▸ TASK DIRECTIONS: Output must consist only of the lines of the material below from the one with "天然雷撃ナツメ木九天玄女タグトークンペンダント手作り木彫り無事なタグ" through the one with "На нижній панелі", each reproduced exactly; no pictures belong in it.

▸ DATA SHOWN:

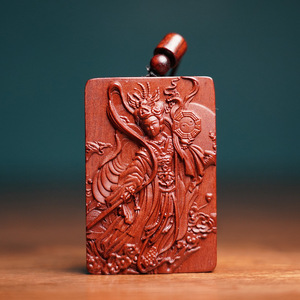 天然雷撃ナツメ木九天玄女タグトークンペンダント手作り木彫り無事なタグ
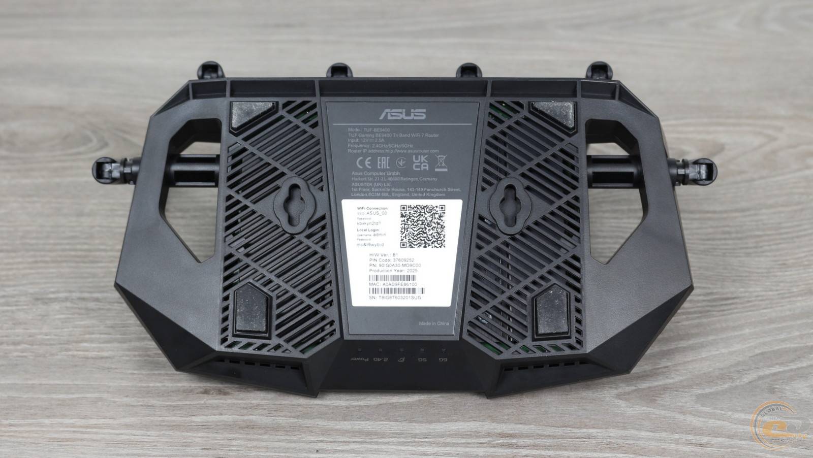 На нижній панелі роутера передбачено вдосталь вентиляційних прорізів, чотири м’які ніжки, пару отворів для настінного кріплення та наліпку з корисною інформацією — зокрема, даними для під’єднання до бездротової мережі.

---

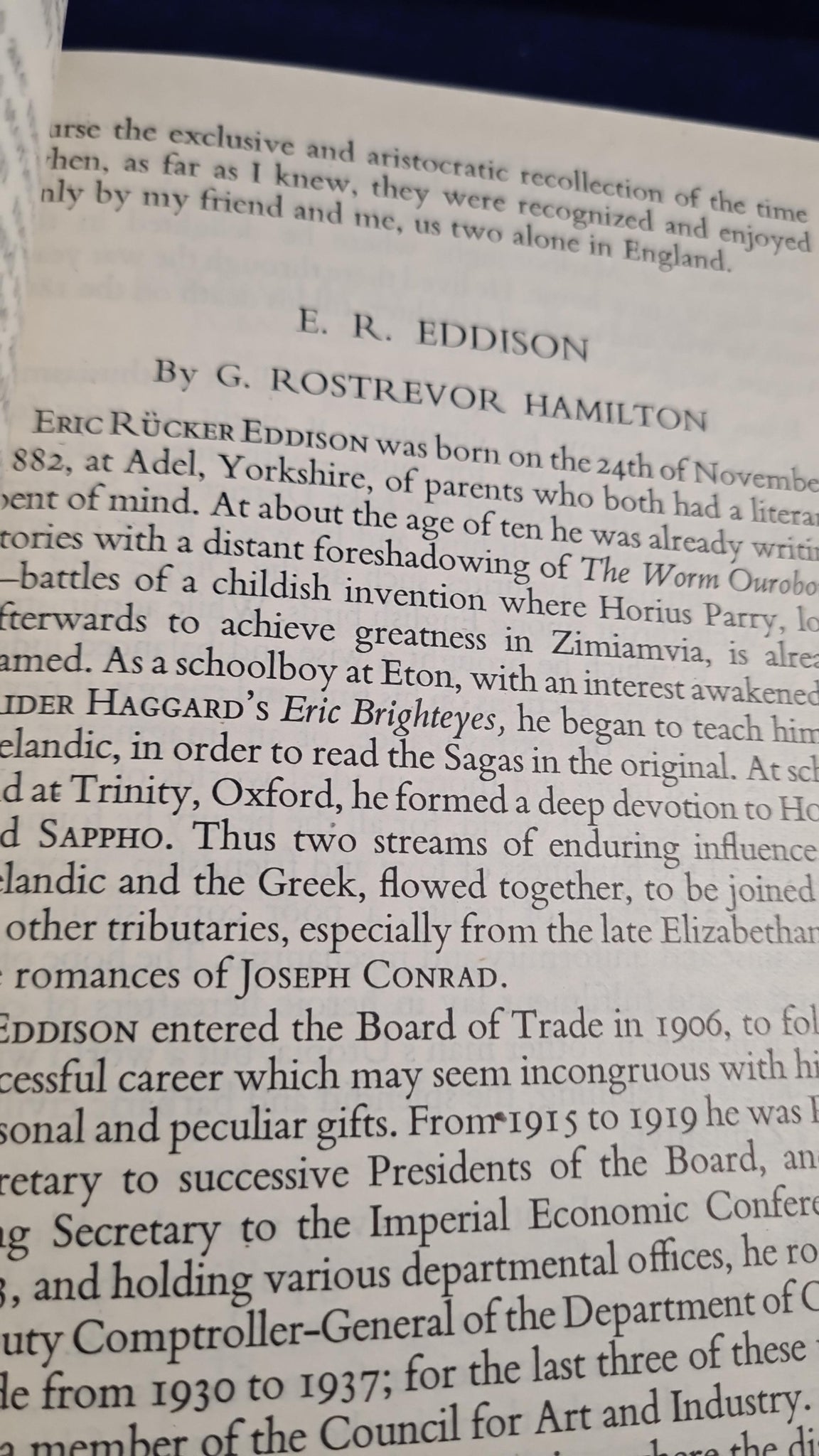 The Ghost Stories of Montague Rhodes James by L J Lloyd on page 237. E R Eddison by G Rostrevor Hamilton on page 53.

* * *

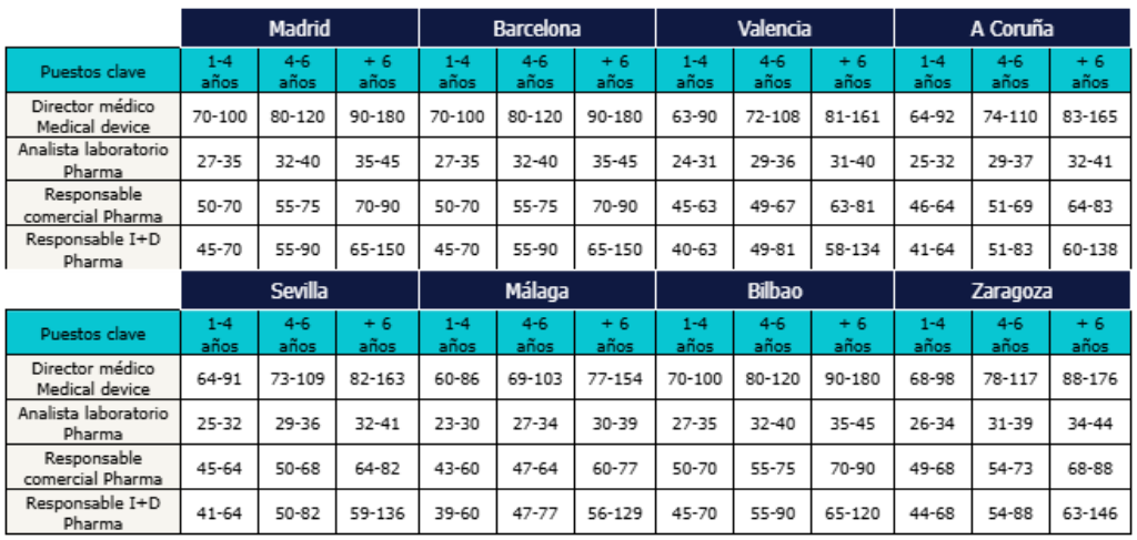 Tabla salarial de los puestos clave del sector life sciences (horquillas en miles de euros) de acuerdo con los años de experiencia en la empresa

▸ WRITTEN RESPONSE:
 天然雷撃ナツメ木九天玄女タグトークンペンダント手作り木彫り無事なタグ
 На нижній панелі роутера передбачено вдосталь вентиляційних прорізів, чотири м’які ніжки, пару отворів для настінного кріплення та наліпку з корисною інформацією — зокрема, даними для під’єднання до бездротової мережі.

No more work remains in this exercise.